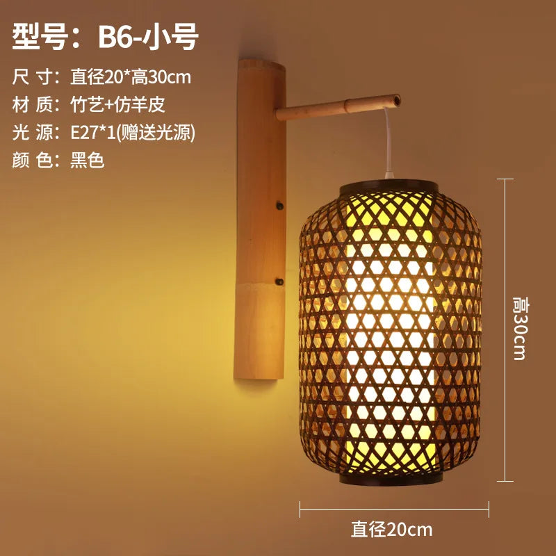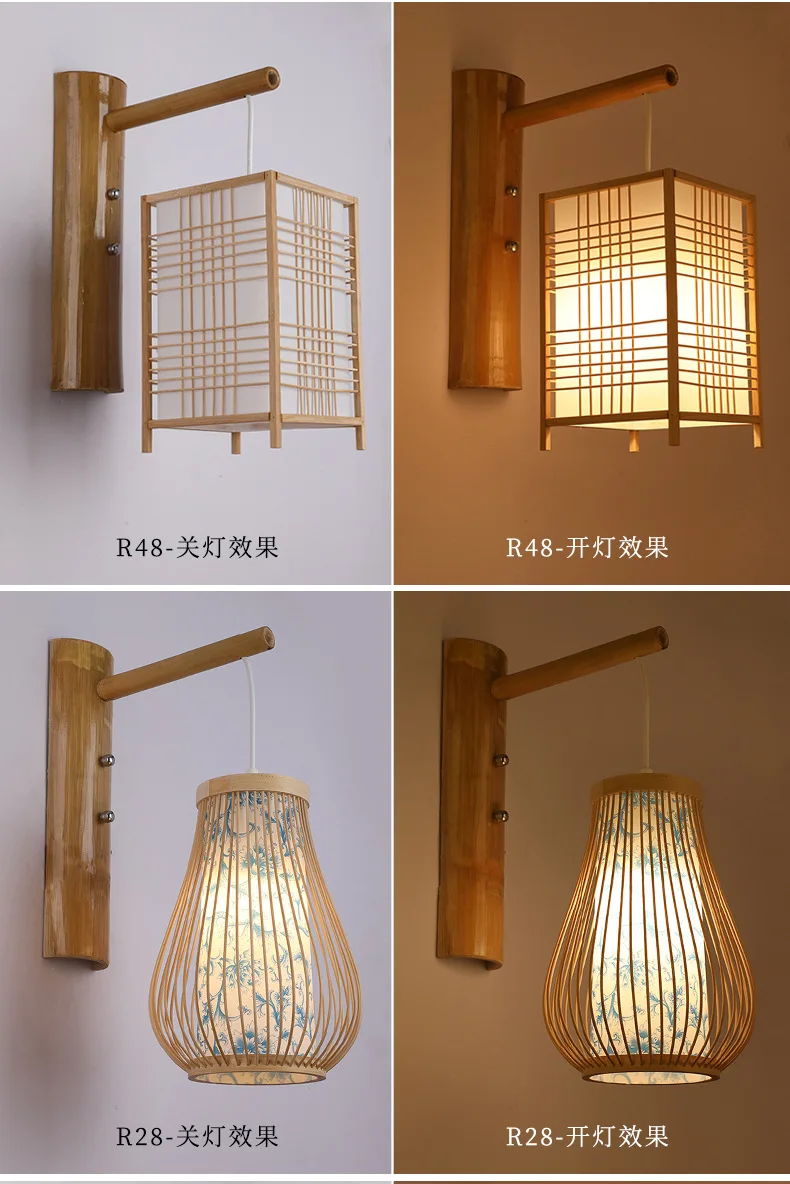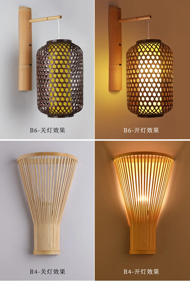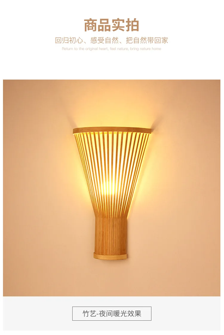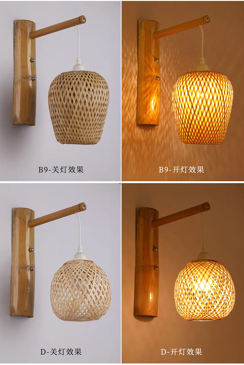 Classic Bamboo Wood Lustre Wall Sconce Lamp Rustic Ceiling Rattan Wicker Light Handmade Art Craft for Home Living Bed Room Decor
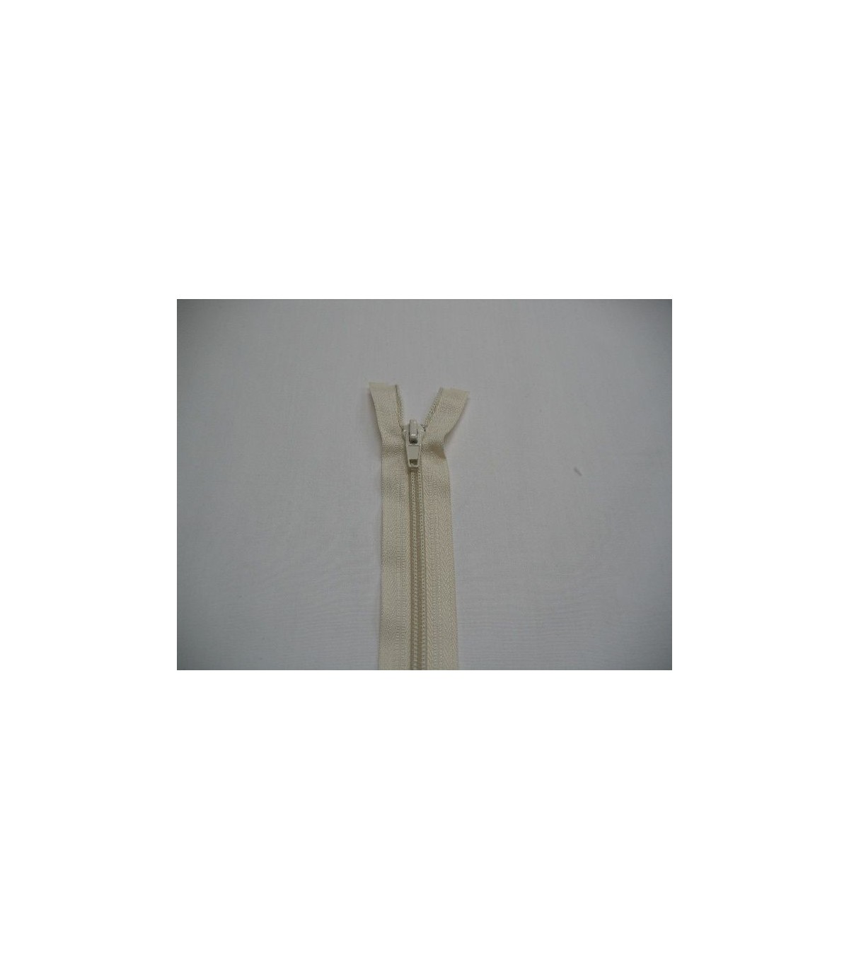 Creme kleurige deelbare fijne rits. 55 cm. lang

====================

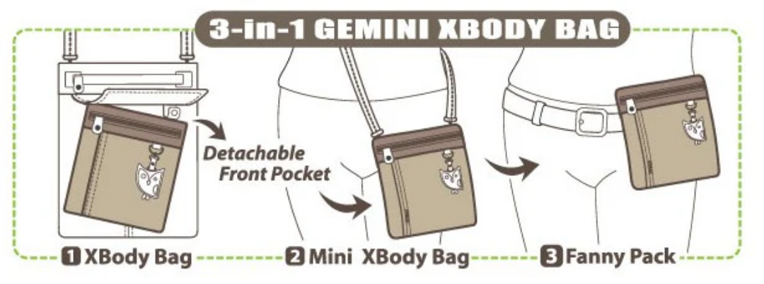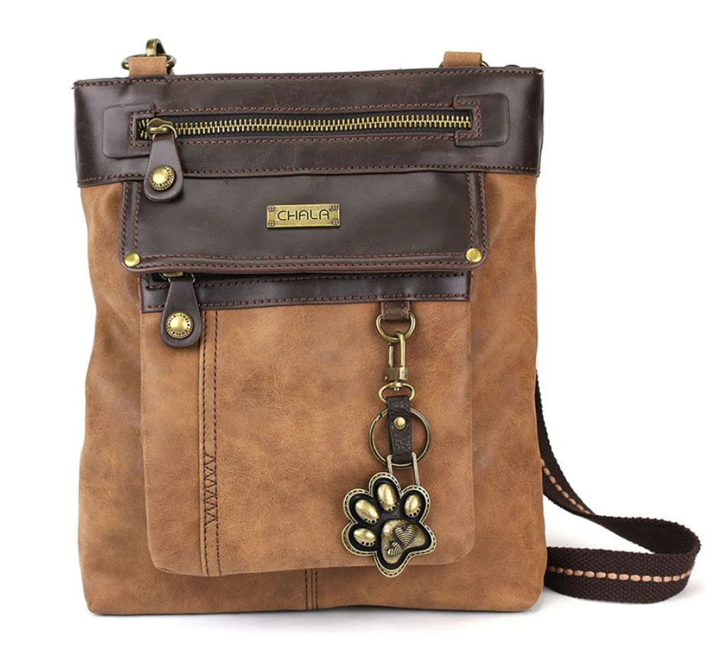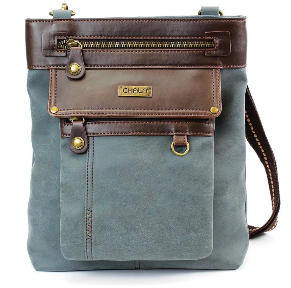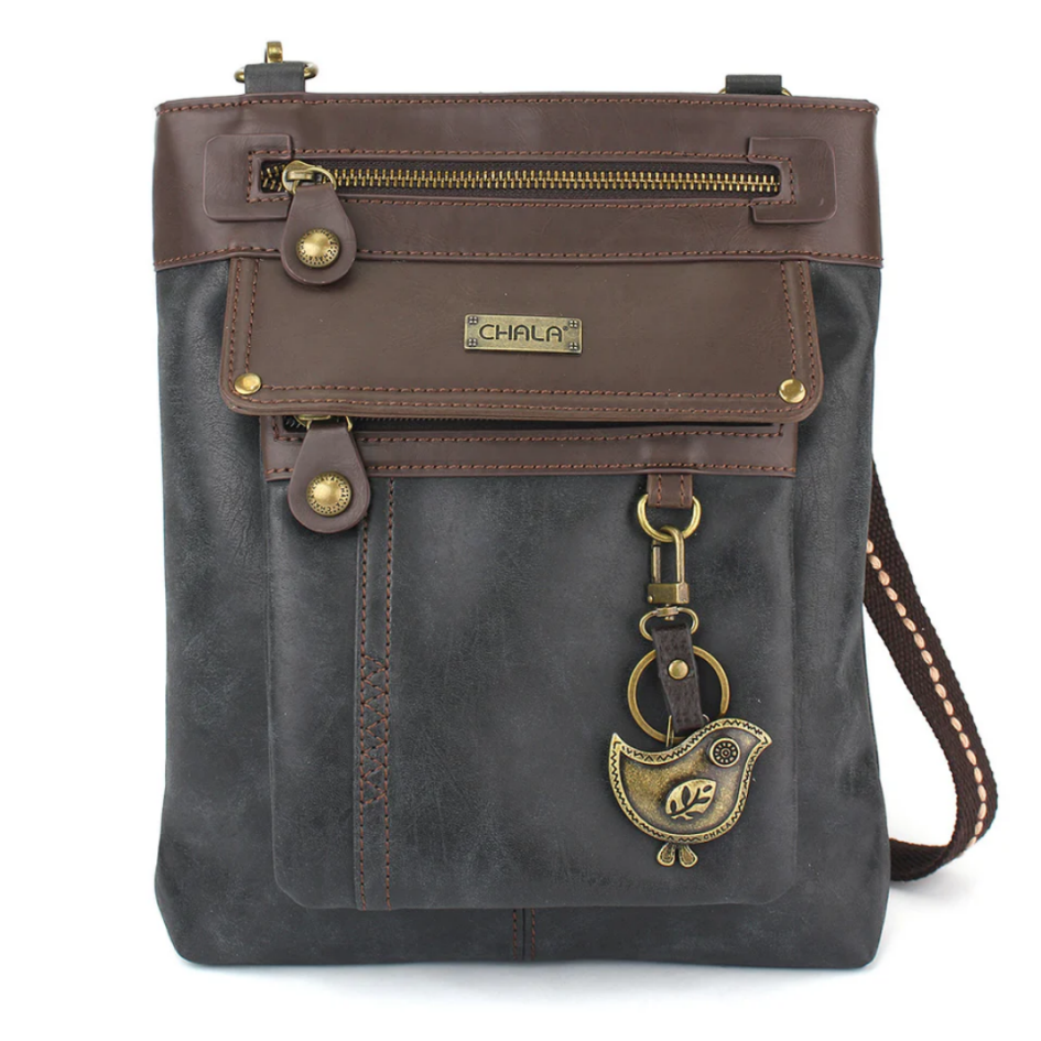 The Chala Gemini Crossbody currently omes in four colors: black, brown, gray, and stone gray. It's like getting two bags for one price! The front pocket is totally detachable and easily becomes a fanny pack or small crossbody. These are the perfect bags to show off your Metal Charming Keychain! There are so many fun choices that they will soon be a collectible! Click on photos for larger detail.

====================

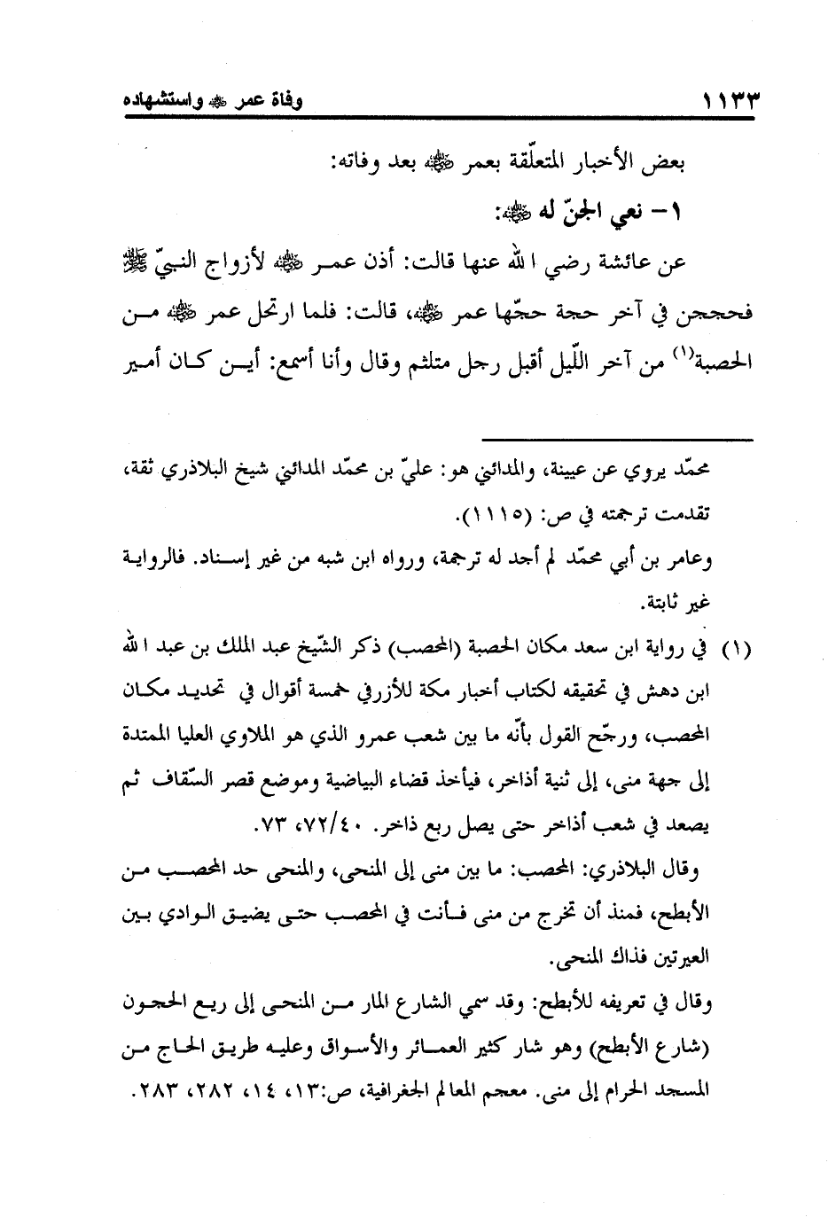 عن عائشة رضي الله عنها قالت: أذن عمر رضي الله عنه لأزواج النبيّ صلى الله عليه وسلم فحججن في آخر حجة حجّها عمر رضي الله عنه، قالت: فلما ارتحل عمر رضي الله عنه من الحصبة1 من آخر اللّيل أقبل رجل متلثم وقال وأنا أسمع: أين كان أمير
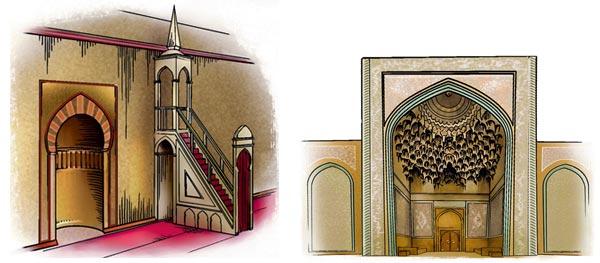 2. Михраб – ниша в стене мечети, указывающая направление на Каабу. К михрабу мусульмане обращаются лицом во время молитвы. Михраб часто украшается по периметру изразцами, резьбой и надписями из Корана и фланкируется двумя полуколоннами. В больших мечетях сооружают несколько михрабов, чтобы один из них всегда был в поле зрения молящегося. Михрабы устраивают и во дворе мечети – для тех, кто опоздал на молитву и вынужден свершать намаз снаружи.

====================

• Work instruction
Working from the records above, set down word for word everything from the line containing "عن عائشة رضي" down to the line containing "2. Михраб –", ends included, minus the pictures.

• Answer section
 عن عائشة رضي الله عنها قالت: أذن عمر رضي الله عنه لأزواج النبيّ صلى الله عليه وسلم فحججن في آخر حجة حجّها عمر رضي الله عنه، قالت: فلما ارتحل عمر رضي الله عنه من الحصبة1 من آخر اللّيل أقبل رجل متلثم وقال وأنا أسمع: أين كان أمير
 2. Михраб – ниша в стене мечети, указывающая направление на Каабу. К михрабу мусульмане обращаются лицом во время молитвы. Михраб часто украшается по периметру изразцами, резьбой и надписями из Корана и фланкируется двумя полуколоннами. В больших мечетях сооружают несколько михрабов, чтобы один из них всегда был в поле зрения молящегося. Михрабы устраивают и во дворе мечети – для тех, кто опоздал на молитву и вынужден свершать намаз снаружи.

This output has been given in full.